The law had popular appeal and easily passed.
[6.4.8]
However, the tax deduction contained a loophole
large enough to fly a private jet through.
The $1M cap didn’t apply to “performance-based compensation,”
which Internal Revenue Service regulations said
required “objective performance goals.”
The stated purpose of the regulations
was to remove discretion from the corporate directors
who determined the pay of top executives.
Instead of trusting directors to make judgments based on qualitative factors,
the rules required directors to follow quantitative ones,
based on metrics easily measured by the market.
The prime example of performance-based compensation
was a stock-option plan.
The value of a stock option was based, at least in part,
on a simple objective factor: the price of the company’s stock.

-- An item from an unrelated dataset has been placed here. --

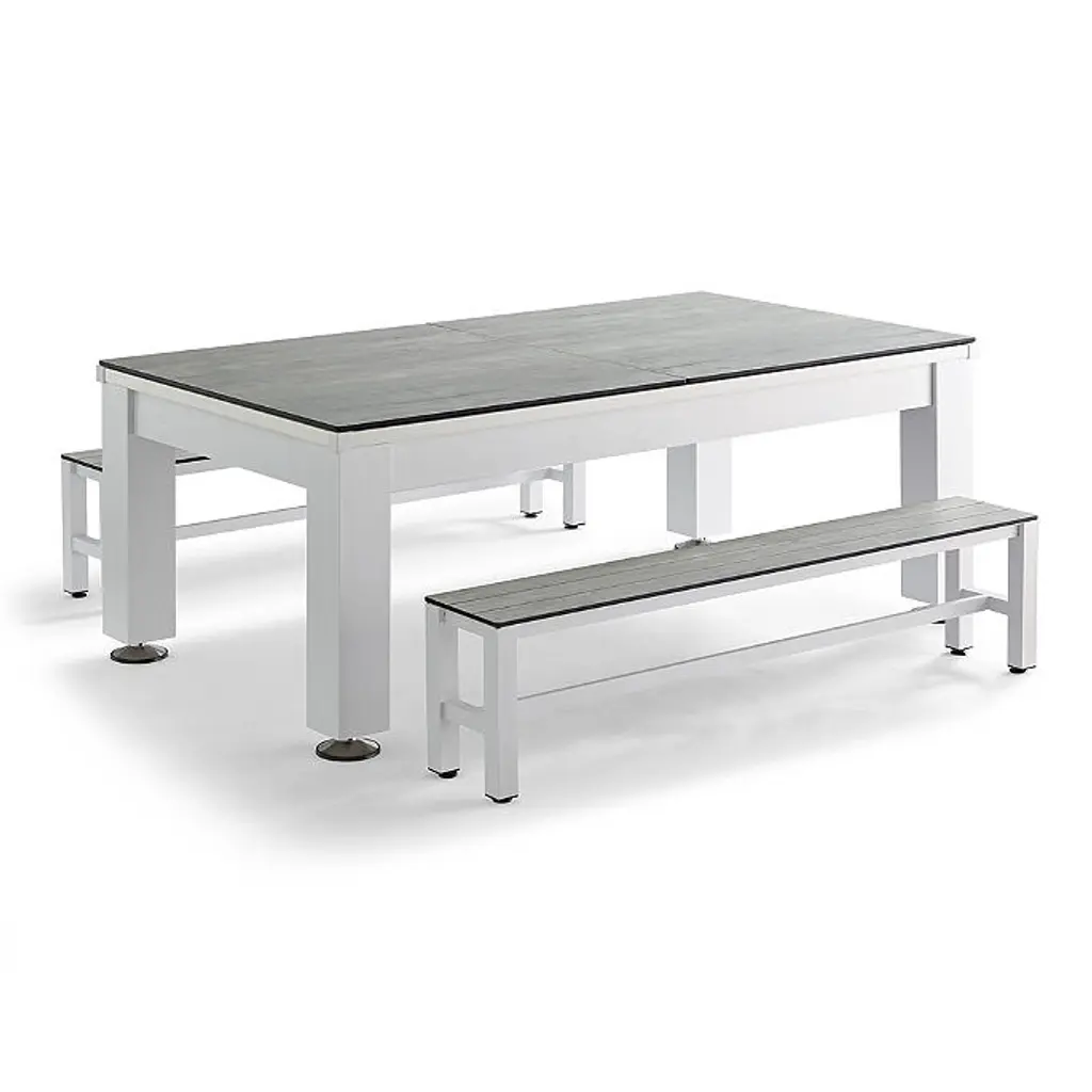 Crafted of weather-resistant materials, these durable benches are designed to transform your Esterno Outdoor Pool Table (sold separately) into a dining table. Crafted of weather resistant pearl board with a durable aluminum frame Complements the Esterno Outdoor Pool Table (sold separately) Some assembly required By Imperial At Frontgate, our primary focus is quality. We guarantee that every product we sell will stand up to the supreme test – our customers' satisfaction. To learn more about our policies, visit our Shipping & Processing, Returns & Exchanges and Warranty & Price Guarantee pages.

In response to the new regulations,
companies began shifting executive compensation from salary to stock options,
in part to preserve the rather small tax deduction
but, more important, to assure shareholders and commentators
that they were following the letter of the new law.
[6.4.9]
This relatively minor legal change would have unanticipated, insidious effects.
As companies shifted to
stock options and other forms of market-based compensation,
executives began to focus almost exclusively on those quantitative factors.

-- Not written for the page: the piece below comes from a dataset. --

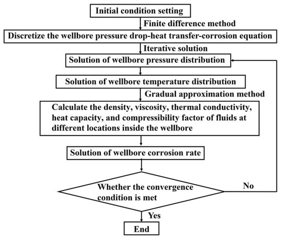 The model is solved by programming in Python 3.9.13, the finite difference method is used to discretize the model and the coupled pressure drop, heat transfer and corrosion models are iteratively solved to obtain a more accurate multi-physical field distribution in the wellbore. The detailed solution process is shown in Figure 1.

The more a CEO could increase the company’s stock price
(or its earnings per share, or some other objective measure),
the more money he would make,
regardless of how the board thought he had performed.
As the board’s power was reduced,
a mercenary culture developed among corporate executives.
Corporate executives began managing their company’s earnings,
buying potentially higher-growth companies,
and in too many cases even committing accounting fraud,
all of which resulted in higher compensation.
Much of the crisis of confidence in the financial markets in 2002
could be traced back to the cultural change that began in 1993,
with new tax rules encouraging
performance-based executive compensation.
[6.4.10]
This tax change was reinforced by
the FASB accounting rule for stock options,
which did not require companies to include options as an expense.
This rule—established in October 1972—
said the cost of an option to a company was
the difference between the market price
and the exercise price at the time the option was granted.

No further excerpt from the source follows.